* _About this task_:
Copy exactly, beginning with the line holding "Chamarra ligera, manga" and ending with the final line of the data beneath this task; copy nothing else, and leave out every picture.

§

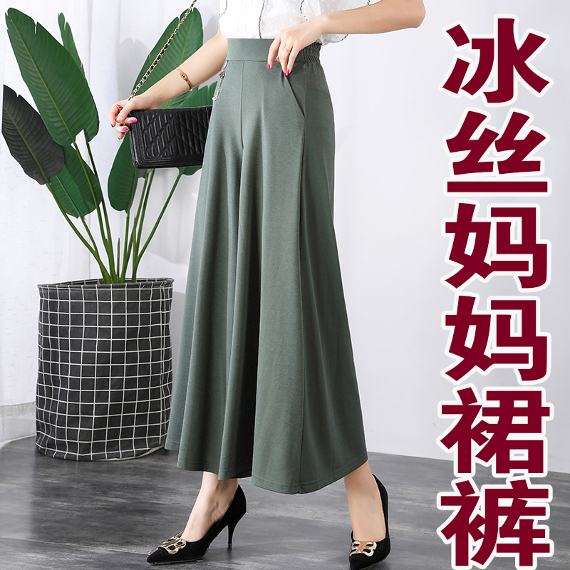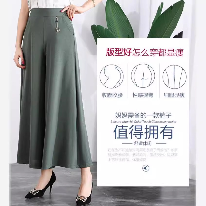 | nameOriginal | Mom's Summer Thin Wide-leg Culottes Women's High Waist Loose Middle-aged and Elderly Women's plus size Casual Ice Silk Pants |
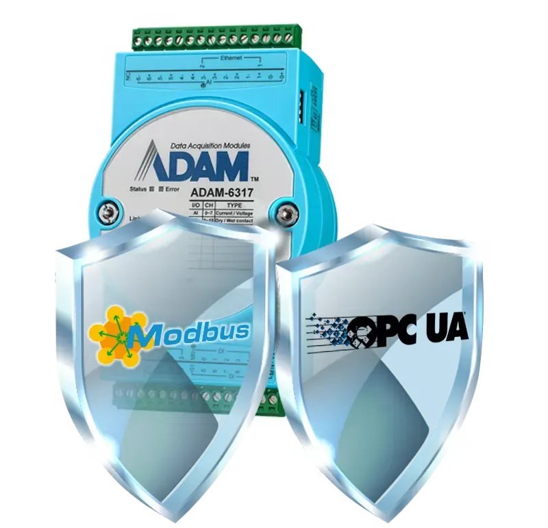 ADAM 6300 Secure Ethernet Module, OPC-UA & Modbus/TCP compatible.
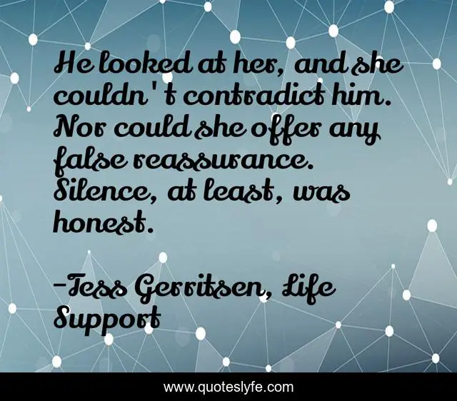 This page presents the quote "He looked at her, and she couldn't contradict him. Nor could she offer any false reassurance. Silence, at least, was honest.". Author of this quote is Tess Gerritsen, Life Support. This quote is about silence, honest,.
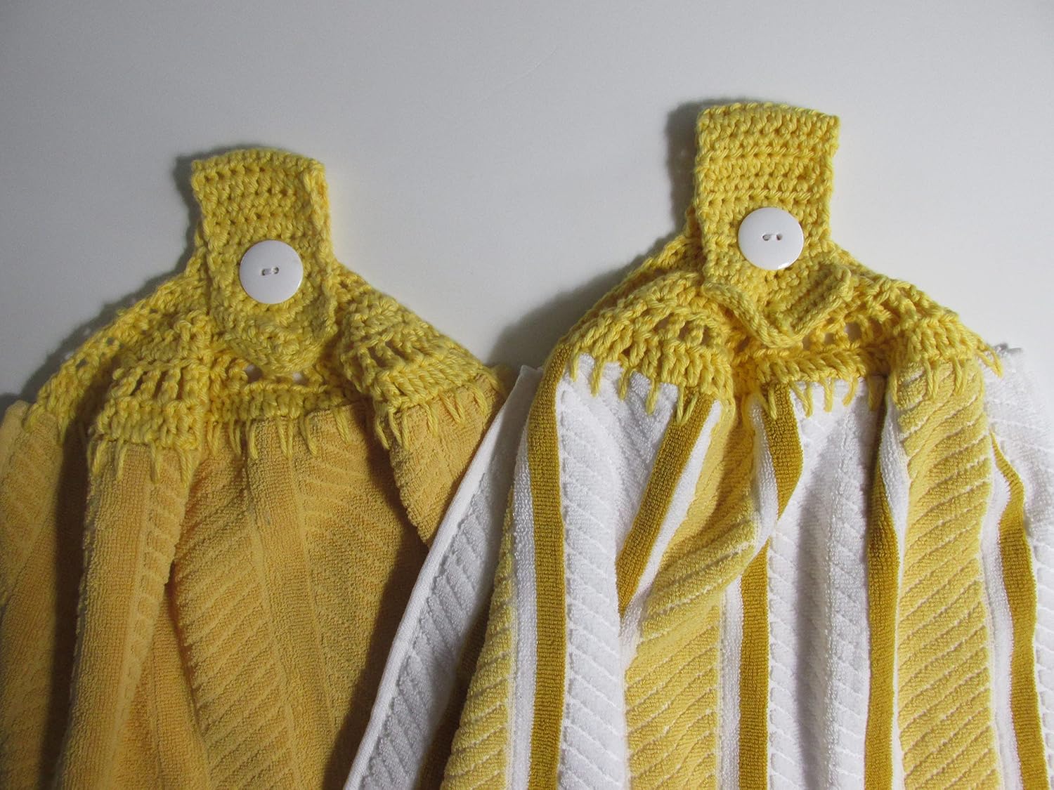 CROCHET TOPPED KITCHEN HAND TOWELS are perfect for keeping your towels in one place. Great for hanging on a oven door, cupboard, or refrigerator handle, these are made from One Whole Towel, folded in half, so it is thicker than most that are available. These are New, Large-sized, Best-Quality terry towels. Towel is 100% Cotton; crochet top is 100% Cotton yarn. Towels measure approximately 18" x 28", before folding in half. This is the entire towel; this towel is NOT cut in half. This listing is for a set of 2 coordinating Yellow Design towels with Yellow Cotton Crochet Top.
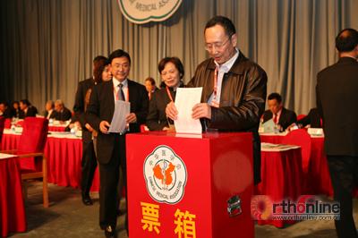 下午,中华医学会在国际会议中心举行全体代表会议和第24届理事会全体理事第一次会议,会议根据《中华医学会章程》,审议并通过了《中华医学会第24届理事会理事选举办法》和《中华医学会第24届理事会常务理事、会长、副会长、秘书长选举办法》,选举产生了第24届理事251名,常务理事55名,会长:陈竺,副会长:吴明江 祁国明 戴建平 顾玉东 刘俊 郝希山 李兰娟 魏于全 张雁灵 贺福初 刘德培 赵玉沛 柯杨 杨宝峰 买买提·牙森 刘雁飞,秘书长刘雁飞(兼)。
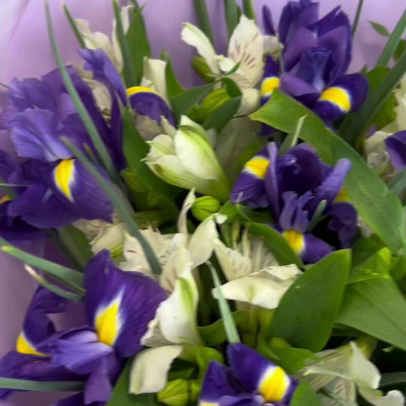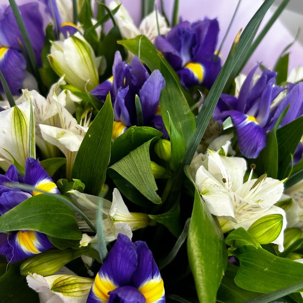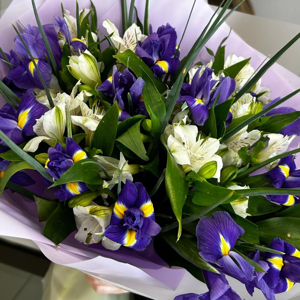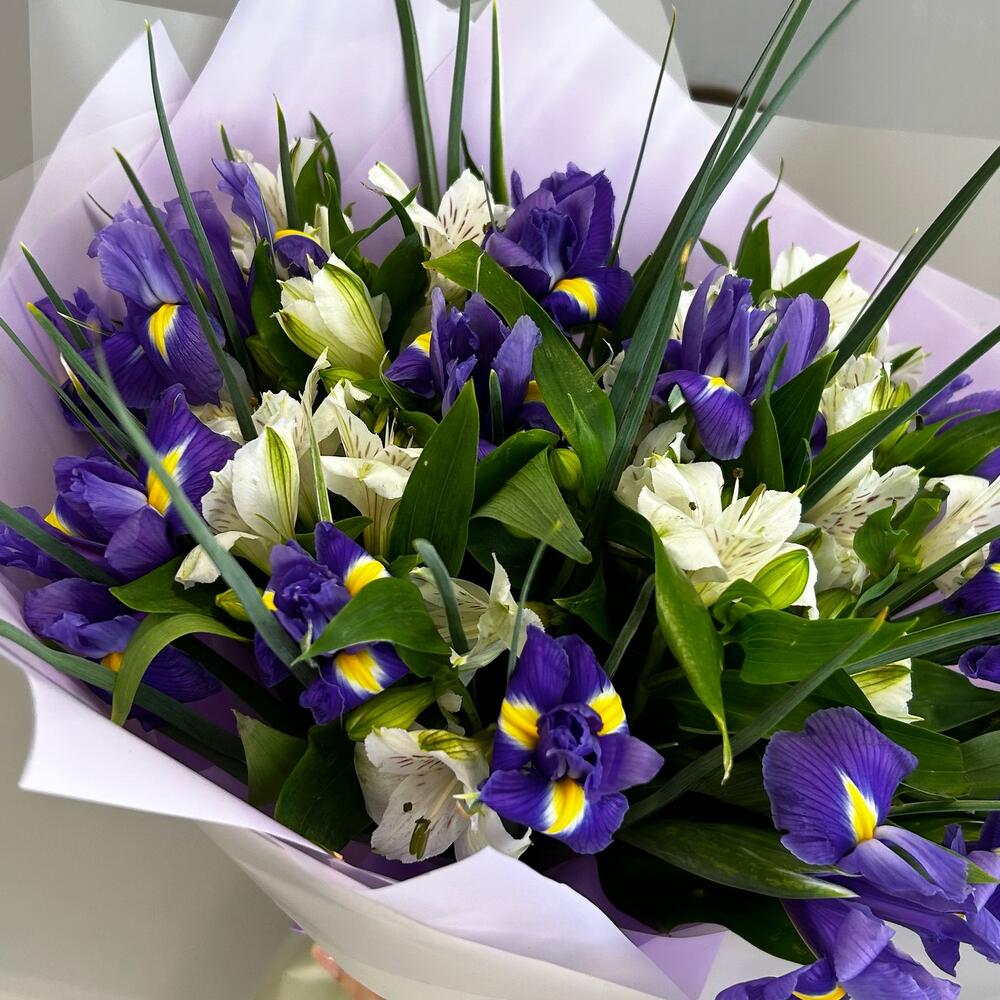 Ирис – 13 шт.Альстромерия – 8 шт.Зелень – 3 шт.Упаковка дизайнерская – 2 шт.Лента атласная – 2 шт.
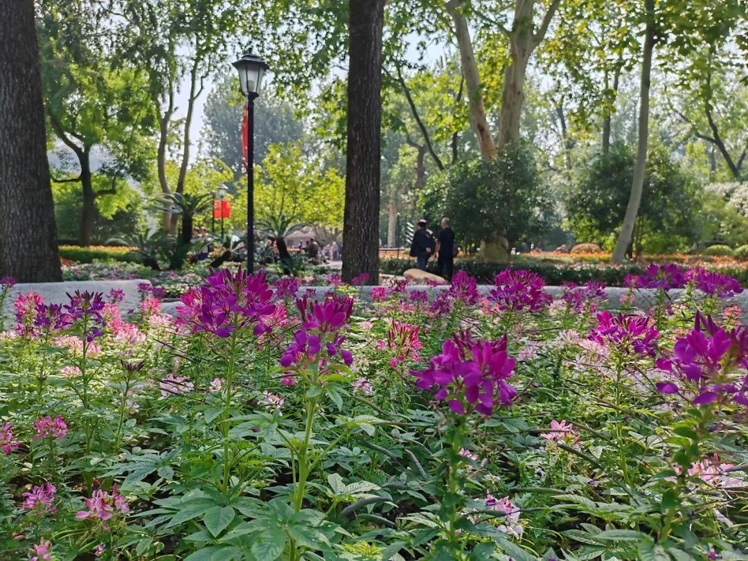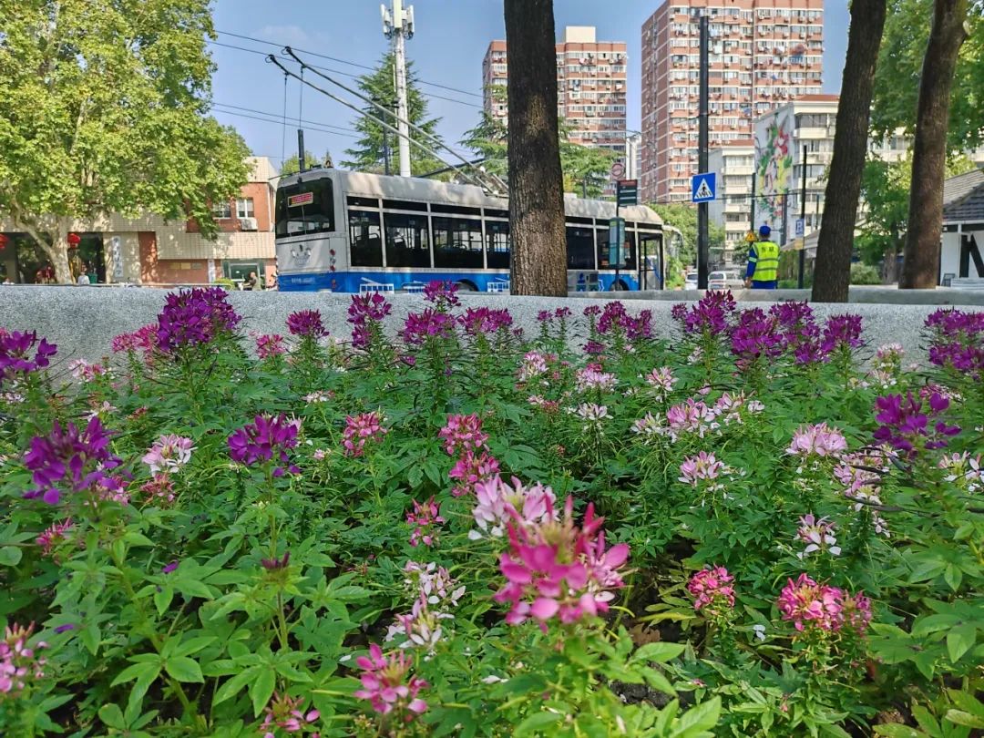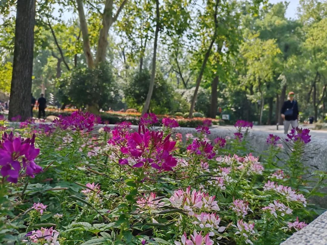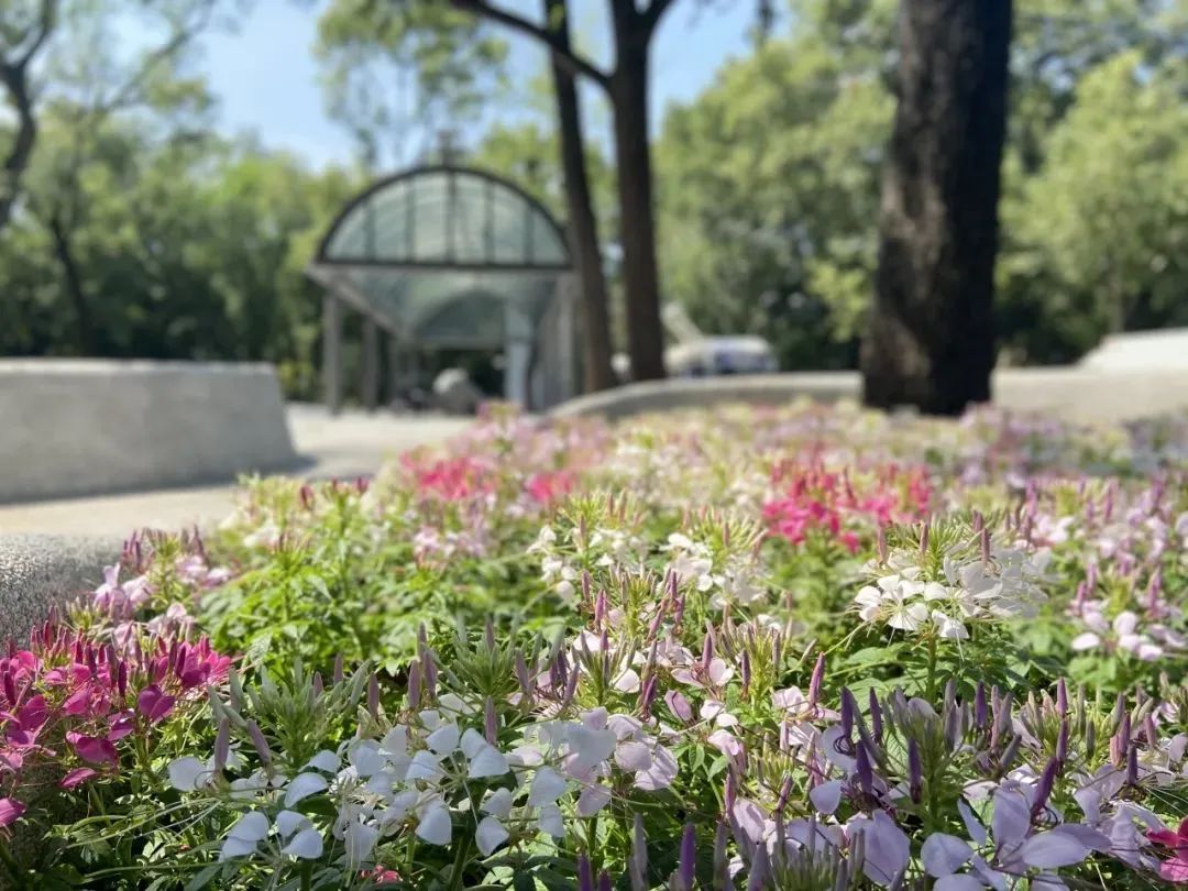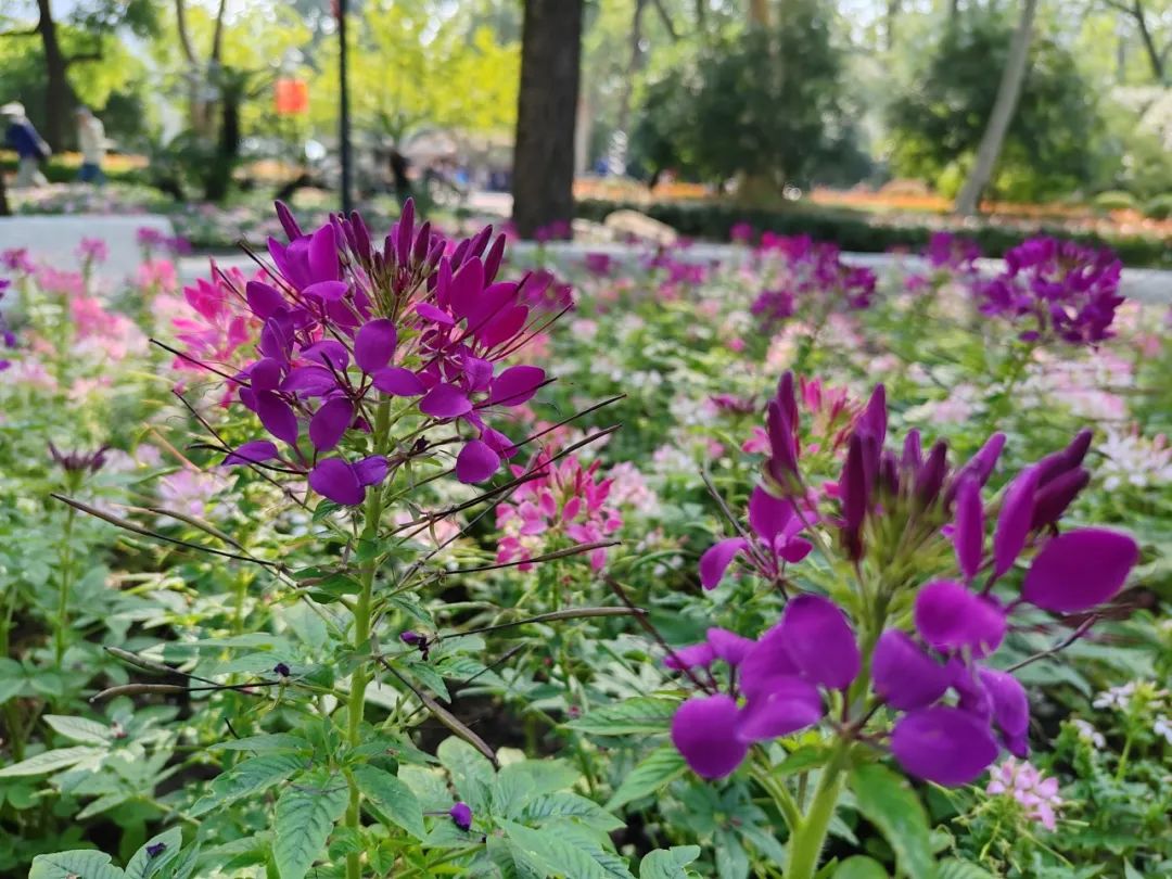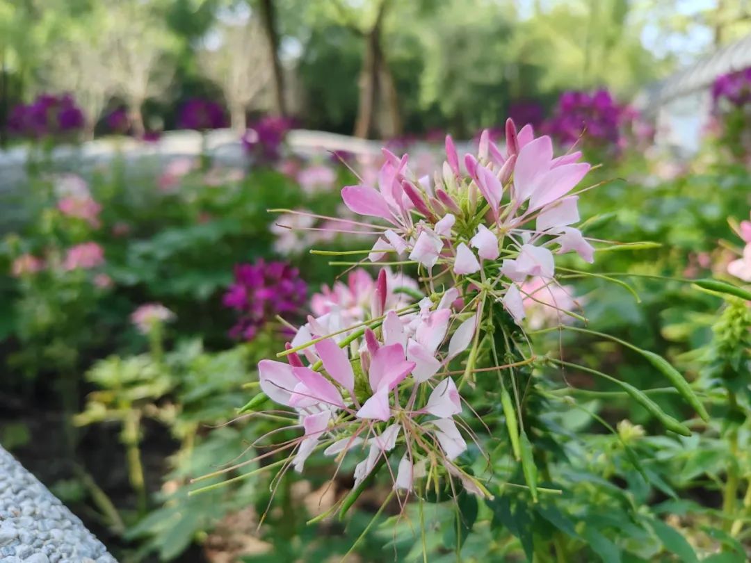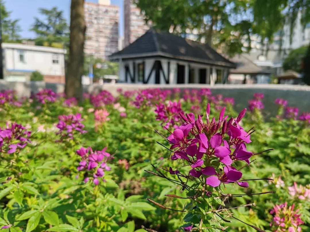 醉蝶花不仅花色娇艳,还兼具蜜腺,因此常常吸引大片蝴蝶在花丛中翩翩起舞。在天气晴好的日子里,中山公园的种子池内总是热闹非凡,醉蝶花与蝴蝶共同构成了一幅动人的画面,令人陶醉其中。
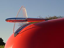 Hood ornaments are usually cast in brass, zinc, or bronze and finished in a chrome plated finish. During the years when chrome plate was unavailable, they were plated in either silver or nickel. Some also incorporated other materials, such as plastic, bakelite, or colored glass. The 1950 Ford Custom DeLuxe hood ornament was molded in Plexiglas.[24] Others incorporated a light bulb for illumination at night. Pontiac featured a lighted Indian-head hood ornament through 1955 when it was replaced by flying V design.[25]
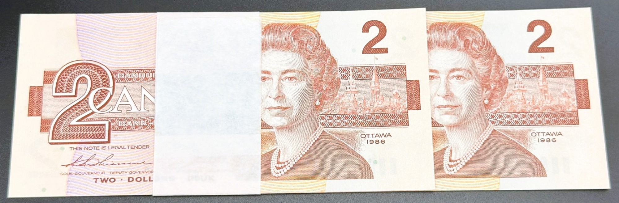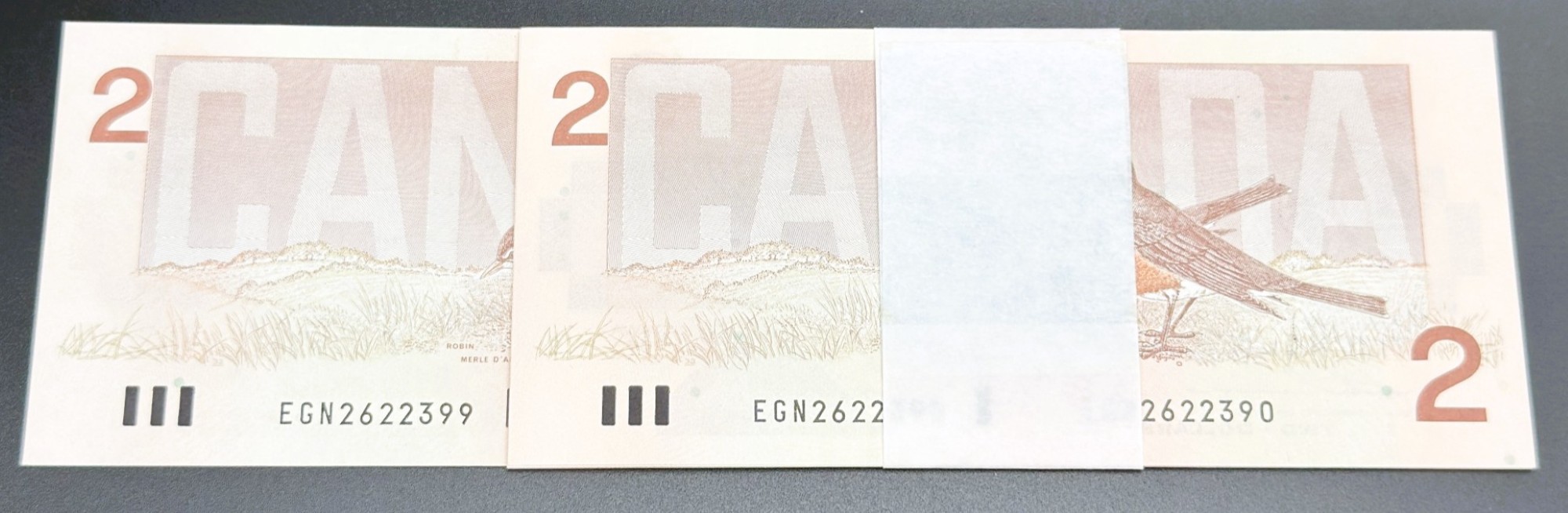 Banque du Canada – 2 Dollars 1986 – 10 Consécutifs – Thiessen/Crow – Préfixe – EGN – UNC
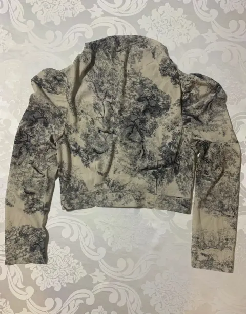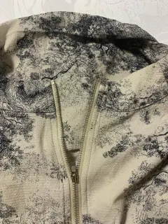 Chamarra ligera, manga larga, cuello alto y cierre enfrente. Tela de poliéster, no estira.Medidas/ busto: 43 cm, cintura: 39 cm, largo: 47 cm
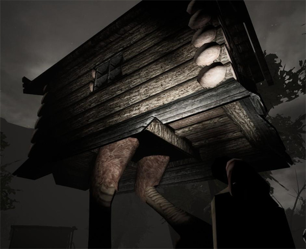 长着鸡脚的小屋,不让你进去。不过你要是动作够快,趁它转身坐下的一瞬间跳进去,就能在桌上发现一些抗辐射药。

§

* _Answer to this exercise_:
 Chamarra ligera, manga larga, cuello alto y cierre enfrente. Tela de poliéster, no estira.Medidas/ busto: 43 cm, cintura: 39 cm, largo: 47 cm
 长着鸡脚的小屋,不让你进去。不过你要是动作够快,趁它转身坐下的一瞬间跳进去,就能在桌上发现一些抗辐射药。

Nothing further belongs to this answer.